Transcribe each record exactly; skip any picture.
____ Available data
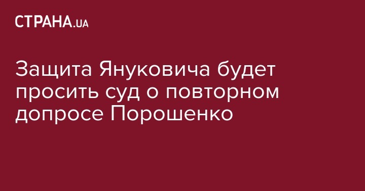 Защита экс-президента Виктора Януковича, который обвиняется в госизмене, намерена просить суд повторно допросить президента Петра Порошенко как свидетеля. Об этом сообщают "Украинские новости".
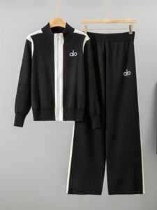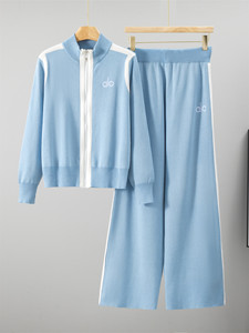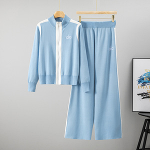 欧货跨境外贸休闲时尚套装女秋冬拉链针织休闲运动阔腿裤两件套潮
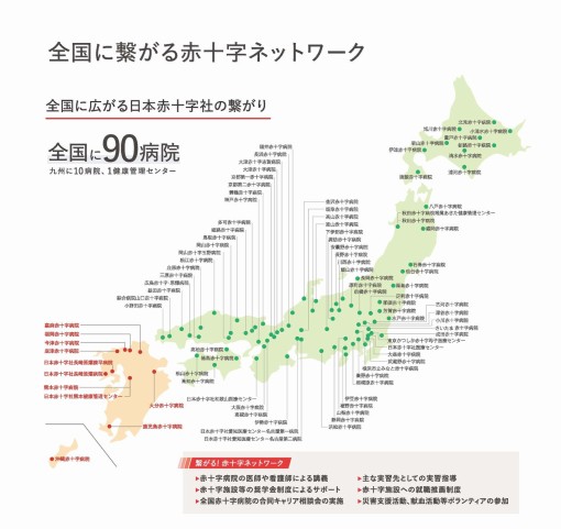 全国に広がる赤十字ネットワークが本学の最大の強みです。全国にある90の赤十字病院とつながりがあるため、福岡赤十字病院をはじめ、山口・熊本・唐津・嘉麻赤十字病院など、規模や機能の異なる施設での実習が可能です。
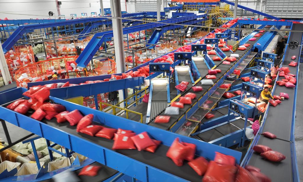 在江苏南通一家国际物流园分拣中心,工作人员在分拣货物(2023年12月20日摄,无人机照片)。“十四五”期间,面对地缘政治风险和贸易壁垒,我国以跨境电商、保税维修、市场采购等为代表的新业态新模式助力各国消费者、生产者“买全球、卖全球”,成为稳外贸的重要引擎。
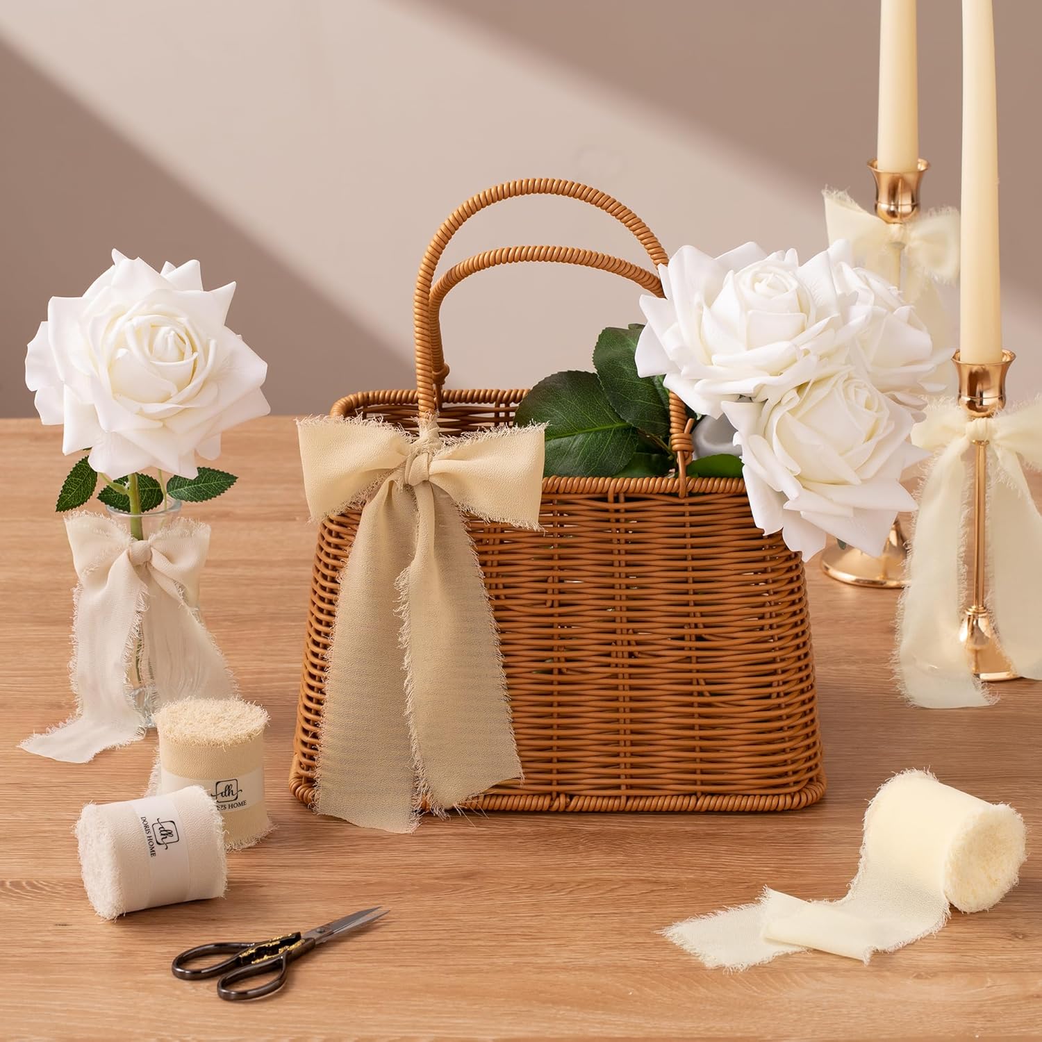 • 【Size and Color】Each roll of chiffon ribbon is 2 inches wide and 7 yards long, perfect for various creative uses such as making bows, decorating wreaths, and DIY crafts. This set includes 3 rolls sand color ribbons. These vibrant frayed ribbons add a rustic charm to your creations, ideal for bouquet wrap or gift ribbon.
________
→ Written response
 Защита экс-президента Виктора Януковича, который обвиняется в госизмене, намерена просить суд повторно допросить президента Петра Порошенко как свидетеля. Об этом сообщают "Украинские новости".
 欧货跨境外贸休闲时尚套装女秋冬拉链针织休闲运动阔腿裤两件套潮
 全国に広がる赤十字ネットワークが本学の最大の強みです。全国にある90の赤十字病院とつながりがあるため、福岡赤十字病院をはじめ、山口・熊本・唐津・嘉麻赤十字病院など、規模や機能の異なる施設での実習が可能です。
 在江苏南通一家国际物流园分拣中心,工作人员在分拣货物(2023年12月20日摄,无人机照片)。“十四五”期间,面对地缘政治风险和贸易壁垒,我国以跨境电商、保税维修、市场采购等为代表的新业态新模式助力各国消费者、生产者“买全球、卖全球”,成为稳外贸的重要引擎。
 • 【Size and Color】Each roll of chiffon ribbon is 2 inches wide and 7 yards long, perfect for various creative uses such as making bows, decorating wreaths, and DIY crafts. This set includes 3 rolls sand color ribbons. These vibrant frayed ribbons add a rustic charm to your creations, ideal for bouquet wrap or gift ribbon.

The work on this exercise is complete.